For most people I see in
the gym, the bench press has become more about building an ego than building a quality set of pecs. Rather than worry about
how much you can lift, you need to focus your attention on how fully you can train and fatigue the pecs themselves (rather
than the arms, shoulders, back, quads, etc.)
Here’s an oldie but
a goodie to help get you to isolate your pecs on the flat bench press. It’s a simple technique that can really make
a difference in how fully and intensely you’re able to hit the pecs.
Sit upright with perfect
posture on the end of a flat bench. Roll your shoulders back and down slightly—almost as if you’re pushing your
shoulder blades towards each other. Hold this position as you lay back on the flat bench.
With a shoulder’s
width grip and your elbows in, maintain this position throughout the bench press. It may feel awkward at first and you won’t
be able to lift as much weight as you’re used to, but you’ll hit your pecs hard and you’ll feel the pump.
You should also add some
variation to your chest training. Try blasting your upper chest (the key to that ripped look) with this killer Giant Set:
- Warm-up your pecs thoroughly
first.
- Dumbbell Flyes on the
Incline Bench. Set the bench at a slight angle of around 30 degrees or so. Be sure to get a full stretch on each rep, and
push yourself to failure. I like to use moderately heavy weights here (60 lbs. or so).

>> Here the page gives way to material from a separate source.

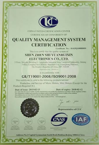 深圳市圓睿鑫電子有限公司自2008年創立以來,經過誠信耕耘,在為期兩年的時間內,已通過ISO9001:2000國際質量體系認證。公司廠房占地面積2000多平方米,員工100人,專業技術工程師6名,擁有國內最先進的生產和檢測設備,年產各類減速電機超過2~300萬臺。因公司發展需要,于2020年底,將生產基地遷往擁有最美小鎮之稱的東莞市清溪鎮,依山傍水,依托美麗的大自然環境和地方文化,全新的東莞市圓睿鑫電子有限公司將借助深圳母公司平臺,一步步走上新的臺階。
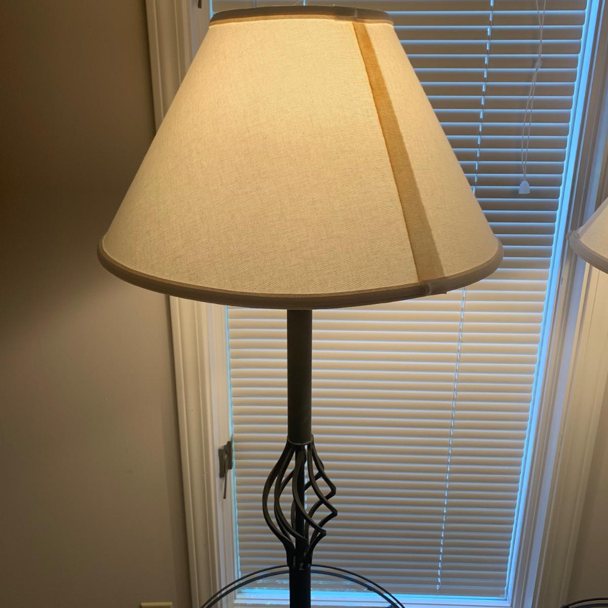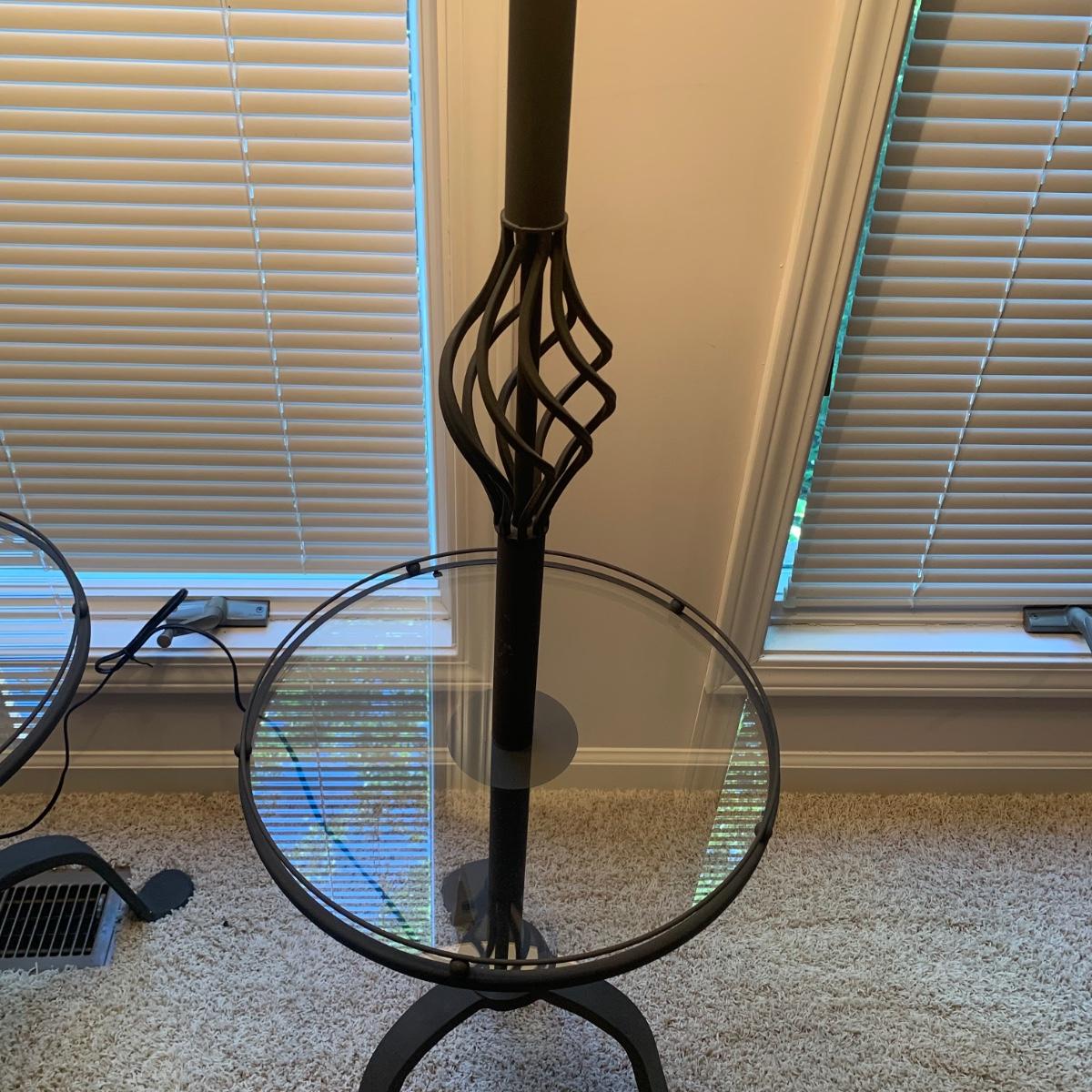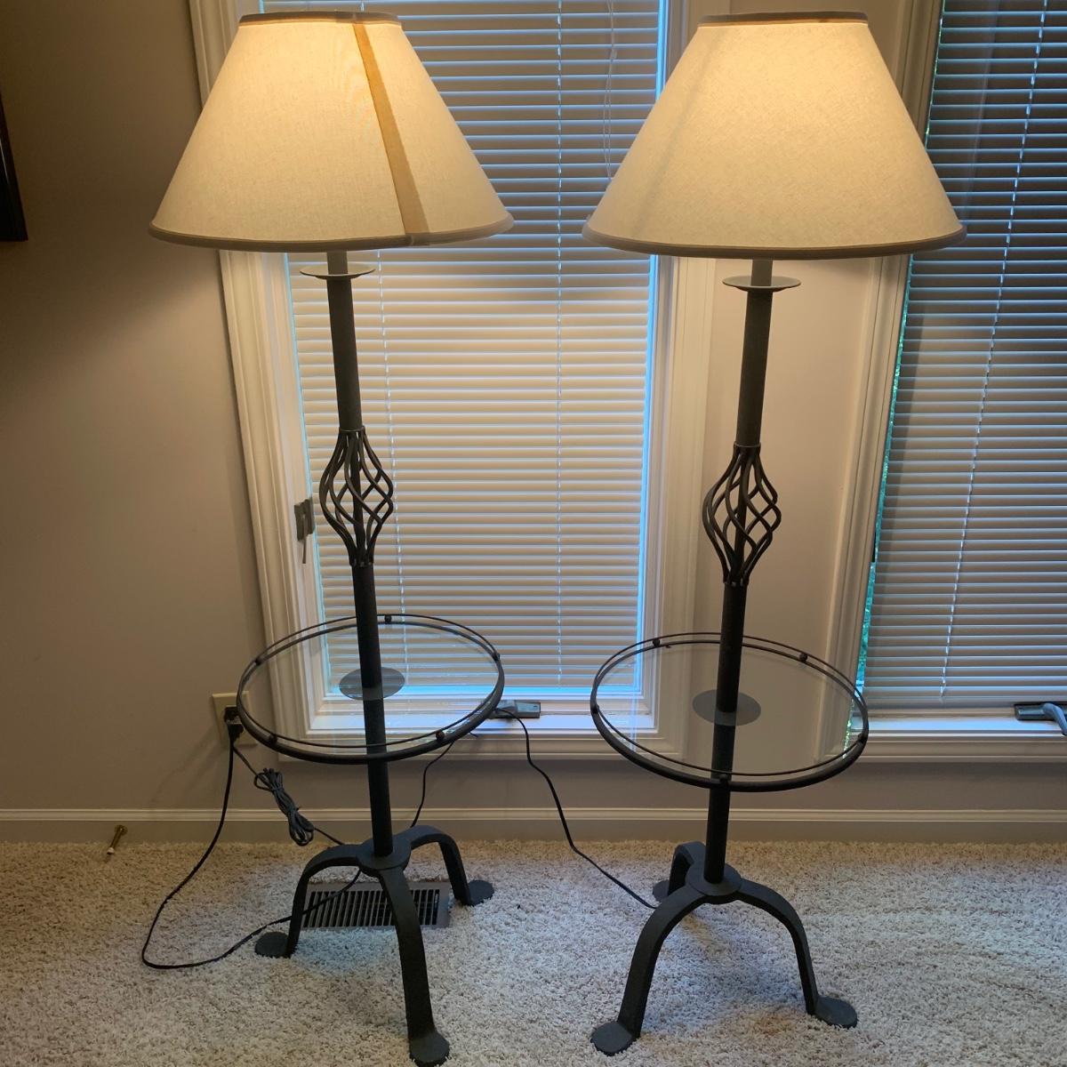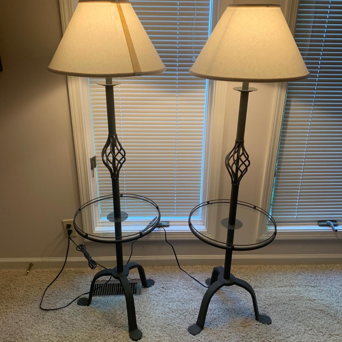 Two cast-iron style floor lamps. Each table features 3 way switch system and glass table. Lamps measure approximately, 17.5” x 16” 60”H. Lamp shades have a small amount of fraying but are otherwise intact. See photos for more details.

- Dumbbell Incline Presses.
Go right into these without any rest at all using the same dumbbells you have in your hands from the Flyes. Go deep on each
rep, throwing your chest out and upward at the stretch point. Then squeeze hard at the point of full contraction. Go to failure.
- Barbell Incline Press.
Now jump right into Barbell Incline Presses with a moderate weight. Your pecs will be substantially fatigued at this point,
so you’ll want to have a spotter to help you push out some solid reps. Again go to failure.
- Dumbbell Flyes on the
Incline Bench. Drop your original dumbbell weight in half (30 lbs. in my example). Maintain great form and go to failure.
- Dumbbell Incline Presses.
Finally, go right into Dumbbell Presses again with the same weight you already have in your hands. No rest. Pump out as many
as you can. This final leg of the Giant Set really separates the men from the boys, or the women from the girls as the case
may be.
- Take a 90 second rest
and repeat entire Giant Set once or twice more if you dare.